ICWs have been adopted elsewhere in Ireland for a variety of reasons. These include the treatment of landfill leachate, hotel wastewater and diffuse inputs in a city centre context, with many ecosystem service co-benefits^[3]. Regulatory agencies, particularly the Irish EPA, have resisted granting consents for the installation of ICWs, due largely to the narrow terms under which these licences are issued and the exclusion from consideration of inputs to their operation and the wider suite of benefits that they deliver. However, ICW design has become incorporated into Irish Government guidance under the Water Services Investment Programme 2010-2012^[4] which recognises the potential for ICWs to reverse former declines in the ecosystem services of lost natural wetlands. ICWs represent a low-input, multi-service output ‘systemic solutions’ approach contributing to sustainable development by optimising benefits across a range of ecosystem services and beneficiaries, increasing their net economic value.

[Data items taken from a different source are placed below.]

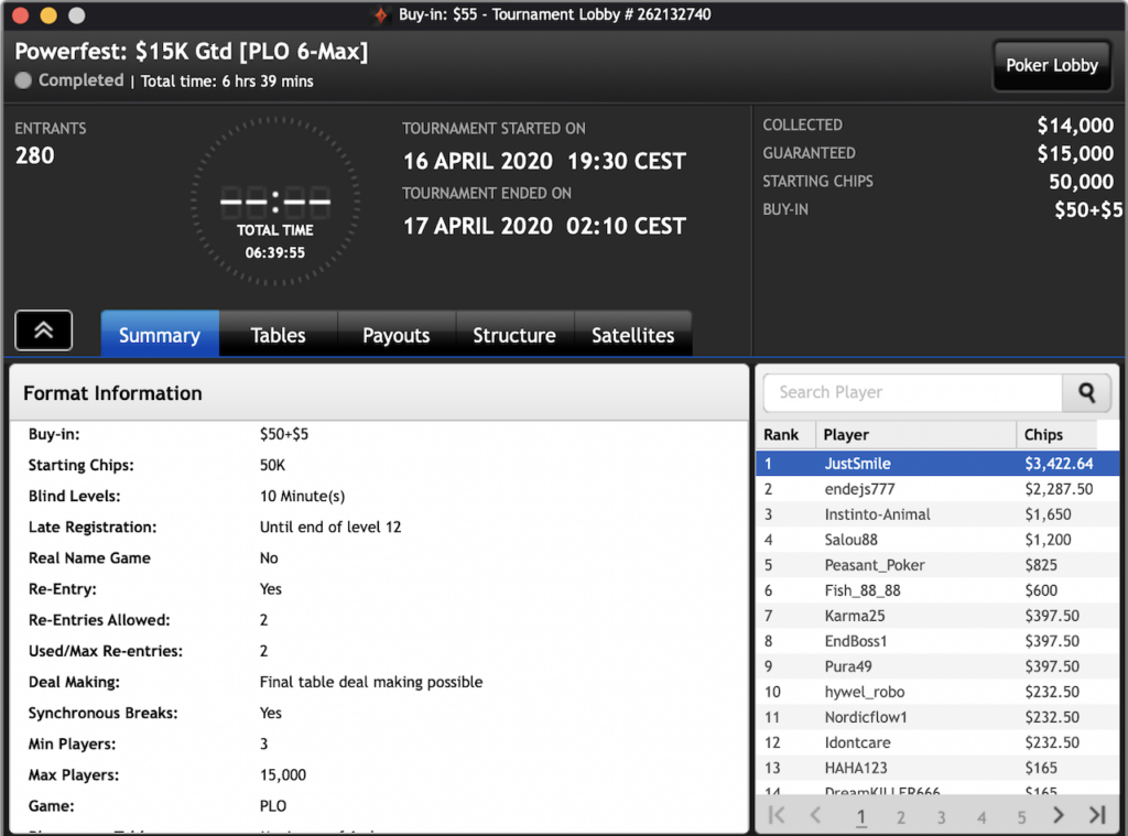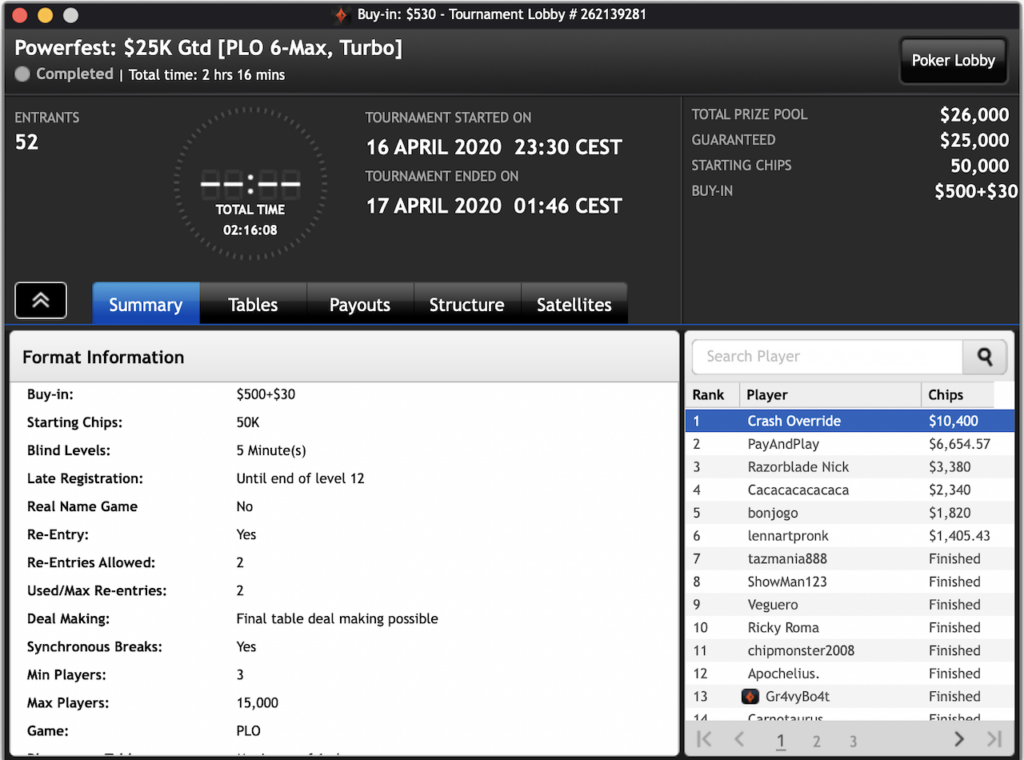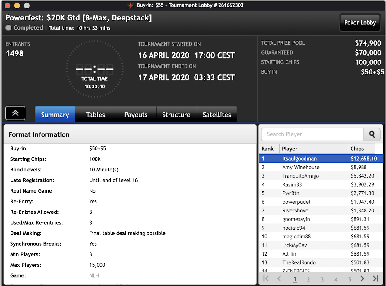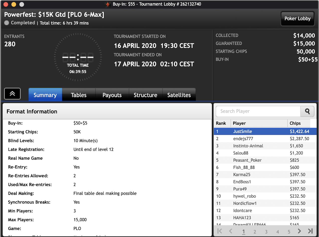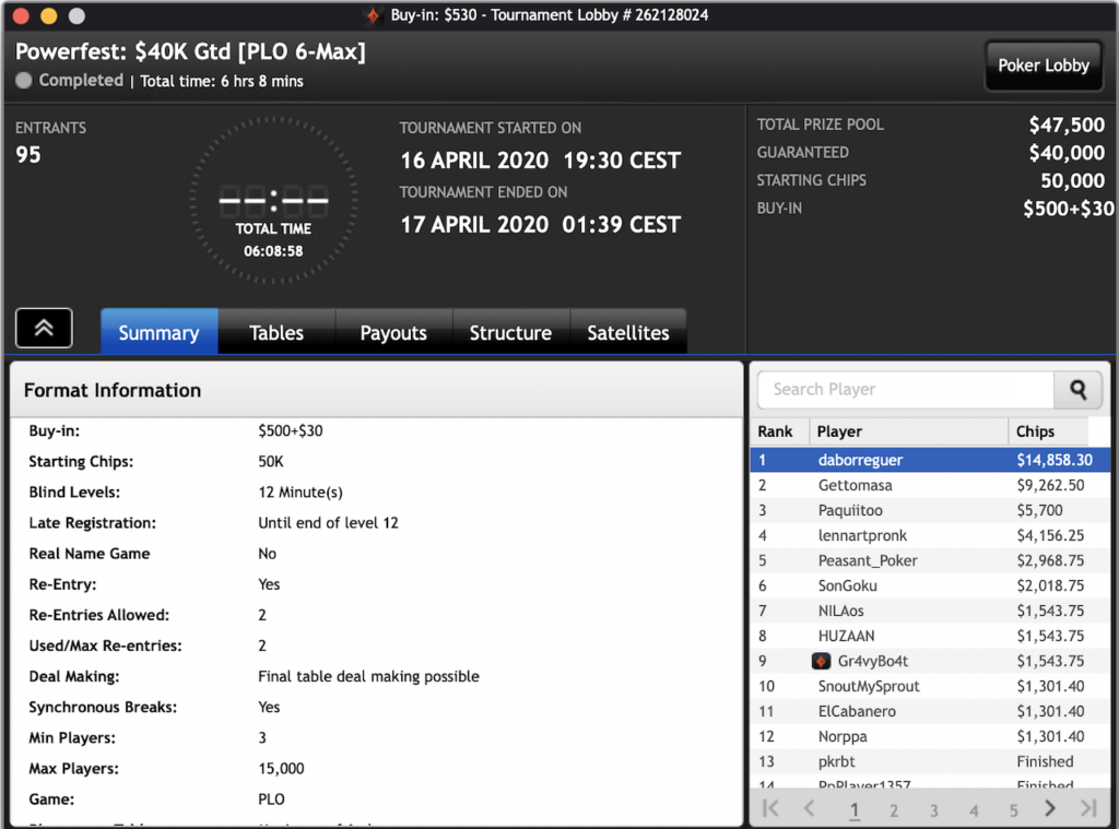 Das $2.100 6-max PKO Turnier ging an Forrest_guuump für zusammen knapp $65.000 Siegeslohn. Er musste dazu ein Feld von insgesamt 132 Spielern hinter sich lassen.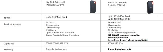 Both of the drives being introduced today have an operating temperature range of 0 to 45C, and come with an IP55 ingress protection rating. The drives are also getting hardware encryption support, which brings them on par with the WD My Passport SSD as far as security is concerned. Western Digital also indicated that their confidence in BiCS 4 flash is allowing them to upgrade the warranty on the SanDisk Extreme model from the usual 3 years to 5 years. On the pricing front, the USB 3.2 Gen 2×2 Extreme PRO Portable SSD v2 is priced at $300 and $500 for the 1TB and 2TB versions. The Extreme Portable SSD v2 has a suggested retail price of $120, $200, and $355 for the 500GB, 1TB, and 2TB versions respectively.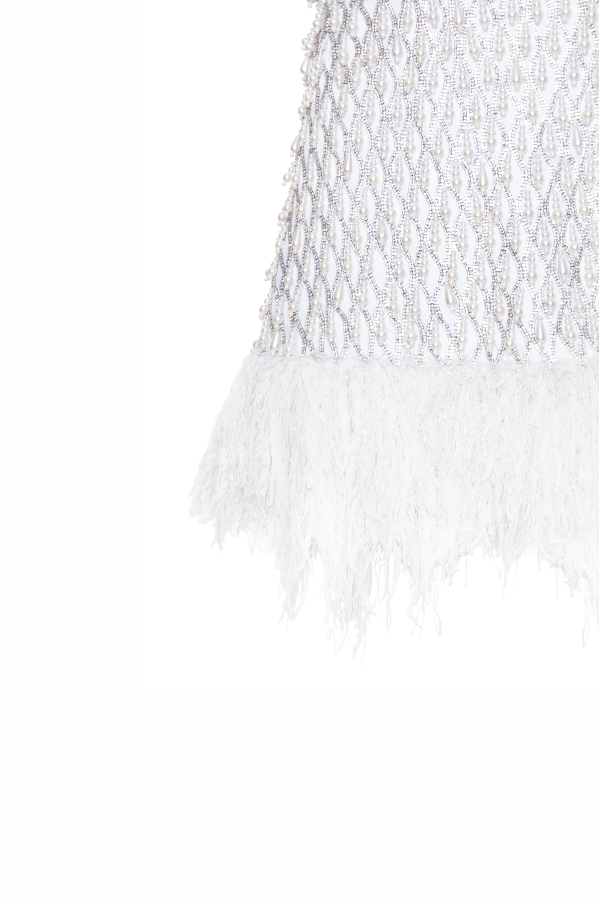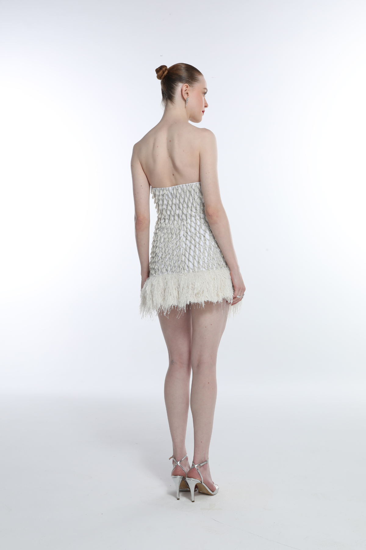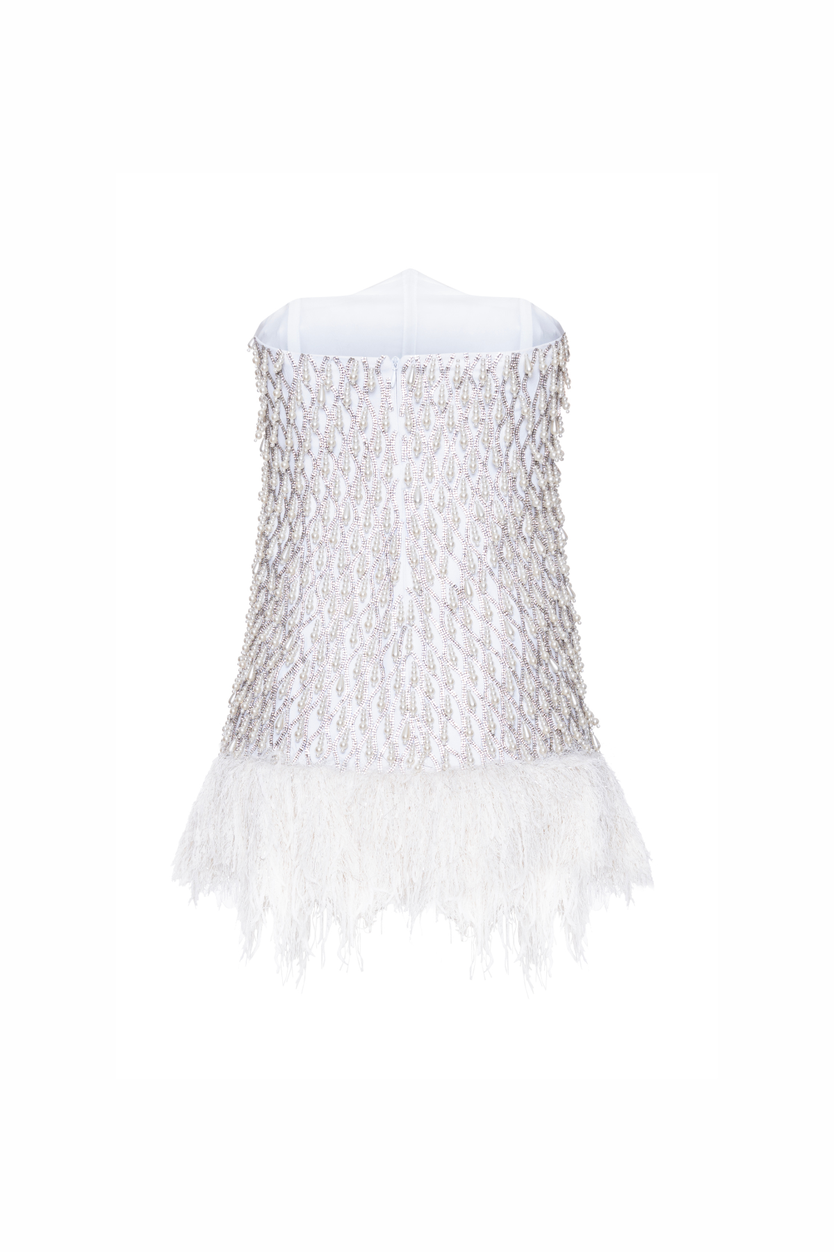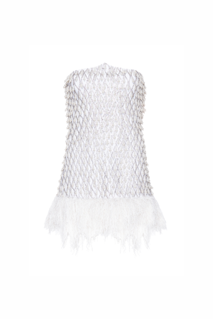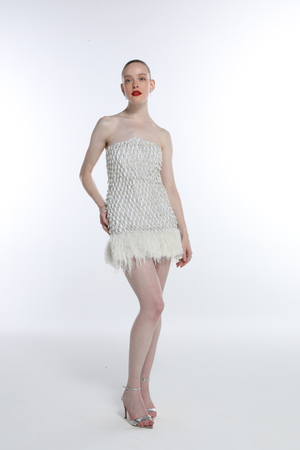 Vestido mini despojado e refinado, em crepe com bordados artesanais meticulosos e com cristais. A barra com plumas traz leveza e movimento ao design, criando uma peça contemporânea que equilibra maximalismo com glamour para quem busca impacto elegante.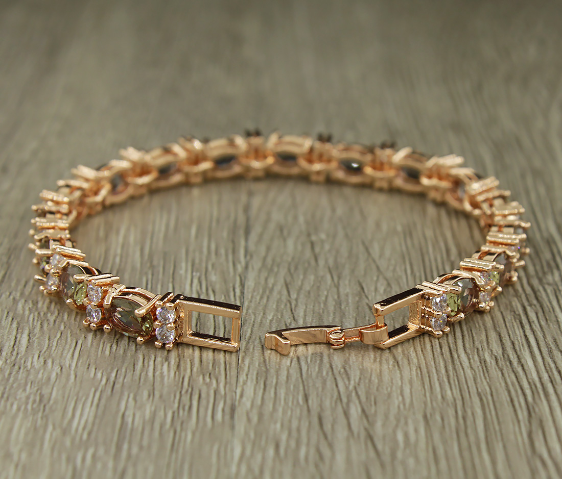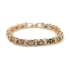 Стильный и изящный браслет с переливающимися султанитами и фианитами. Благодаря огранке, вставки будут искриться на Вашем запястье. Длина браслета 18 см. Размер вставок из султанита 5х6мм, размер фианитов около 3мм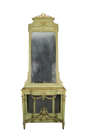 Lot 272 CONSOLLE CON SPECCHIERA in legno laccato verde e dorato Sicilia primi 900 h cm 309 x 111,5 x 48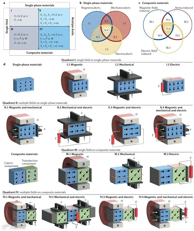图1. 固态相变制冷多场响应材料与器件设计。根据材料类型(单相材料或复合相材料)以及外场个数(单个或多个),(a)可归类固态相变制冷类型。针对(b)单相材料和(c)复合相材料的磁热、电热和力热效应,细分单场致效应和多场致效应之间的关系。(d)多场响应材料与器件的分类设计。
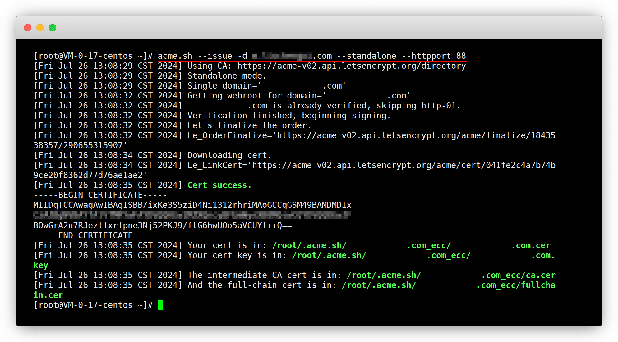 acme.sh --issue -d example.com -d www.example.com --standalone --httpport 88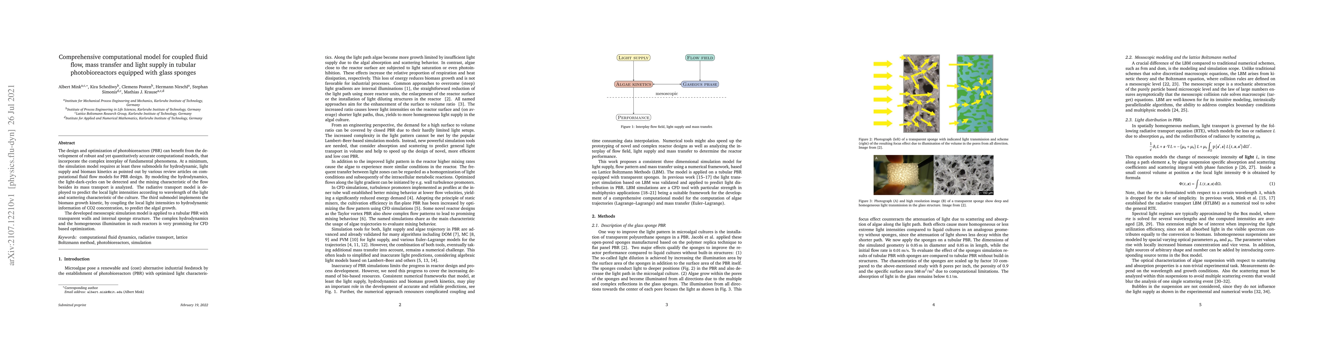 The design and optimization of photobioreactors (PBR) can benefit from the development of robust and yet quantitatively accurate computational models, that incorporate the complex interplay of fundamental phenomena. At a minimum, the simulation model requires at least three submodels for hydrodynamic, light supply and biomass kinetics as pointed out by various review articles on computational fluid flow models for PBR design. By modeling the hydrodynamics, the light-dark-cycles can be detected and the mixing characteristic of the flow besides its mass transport is analyzed. The radiative transport model is deployed to predict the local light intensities according to wavelength of the light and scattering characteristic of the culture. The third submodel implements the biomass growth kinetic, by coupling the local light intensities to hydrodynamic information of CO2 concentration, to predict the algal growth. The developed mesoscopic simulation model is applied to a tubular PBR with transparent walls and internal sponge structure. The complex hydrodynamics and the homogeneous illumination in such reactors is very promising for CFD based optimization.
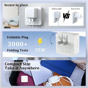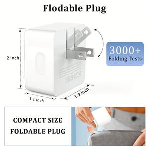 【FoldableWall Charger】Iit has a 90° foldable plug, you can fold it back and put it in your pocket to take with you, you can charge your devices anytime, anywhere!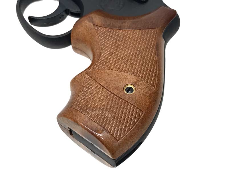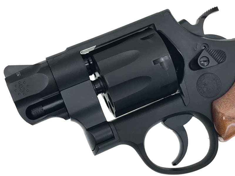 実銃はチタニウムのシリンダーとバレルシュラウド、スカンジウムアロイ製フレームを持ち、新素材を用いつつスナブノーズ化するなど、徹底的に軽量化・小型化したモデル。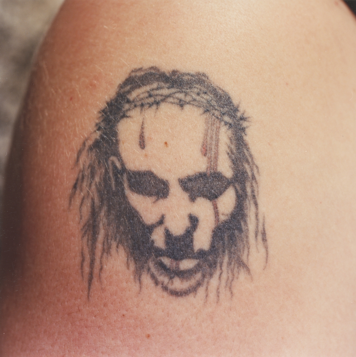 Utställningen "Tatuering". Förstudie till utställningen. En mans tatuering på hans högra axel.
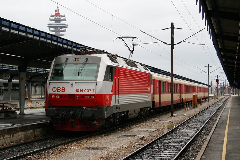 11.8.07 Im Jahr 2007 noch ein Alltagsgesicht, heute schon am Abstellgleis. Gerade einmal 2 1/2 Jahre ist es her als die Baureihe 1014 noch mit Schlieren zwischen Wien und Ungarn gependelt ist. Heute leider nur noch auf Bildern zu bewundern. Hier fährt die 1014 007 gerade mit dem ER 9432 von Tatabanya am Zugendbahnhof: Wien Südbahnhof Ostseite ein.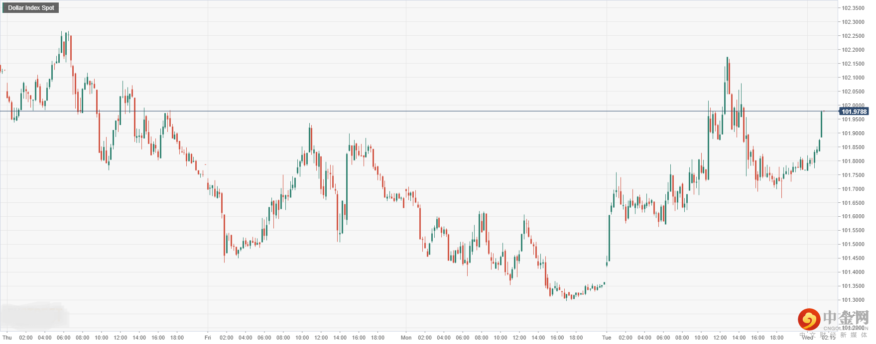 美元指数周二收盘大幅冲高回落后,今日开盘上涨0.35%至101.97附近,因美债收益率升高,伴随全球通胀进一步加速担忧,使得美元上行支撑提振。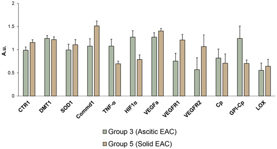 The profiles of copper-related gene expression in ascitic EAC and solid EAC are compared to each other are in Figure 12. These data help to understand better the results presented in Figure 11. The differences in these profiles are relatively small: genes encoding copper transporters (CTR1 and DMT1), intracellular (SOD1), and secretory copper enzymes (Cp and LOX) are expressed by both types of EAC similarly. In ascitic EAC, expression of copper-mediated signaling genes (TNF-α and HIF1α) were increased. At the same time, in solid EAC, another gene taking part in copper-mediated signaling (COMMD1) was increased.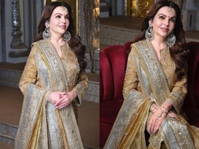 Nita Ambani looks stunning in an antique gold ensemble inspired by the classic Hyderabadi kurta and Khada dupatta, featuring antique zari and timeless zardosi embroidery with an intricate silver-gold Chatai technique border.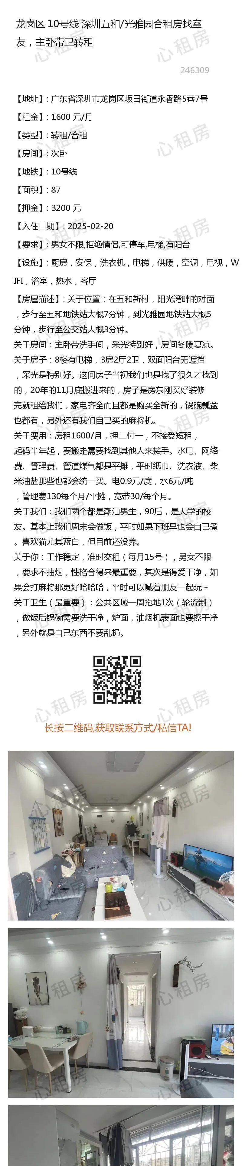 深圳租房【龙岗4则】房源①:10号线深圳龙岗五和/光雅园合租房找室友主卧带卫转租1600元/月;房源②:…

New York City’s water supply

New York City derives its water supply from the Cat/Del (Catskills and Delaware) catchments. A contract was negotiated between urban water users and farming and other rural communities in the Cat/Del catchments, in order to undertake measures to maintain high quality water. This has become one of the largest global ‘payment for ecosystem service’ (PES) schemes. This arrangement was formalised as a comprehensive Memorandum of Agreement in 1997. Under the terms of the MOA, the city committed funds of approximately $US350 million (£190 million) with additional investment in a watershed protection programme costing approximately $US1.3 billion (£700 million)^[5].

Though substantial, these figures represent only a small fraction of the financial costs and environmental impacts of alternative conventional engineered solutions to treat more contaminated raw water abstracted downstream. This partnership approach, linking rural and urban stakeholders, is key to maintaining New York City’s pristine water quality and the viability of farming for the foreseeable future..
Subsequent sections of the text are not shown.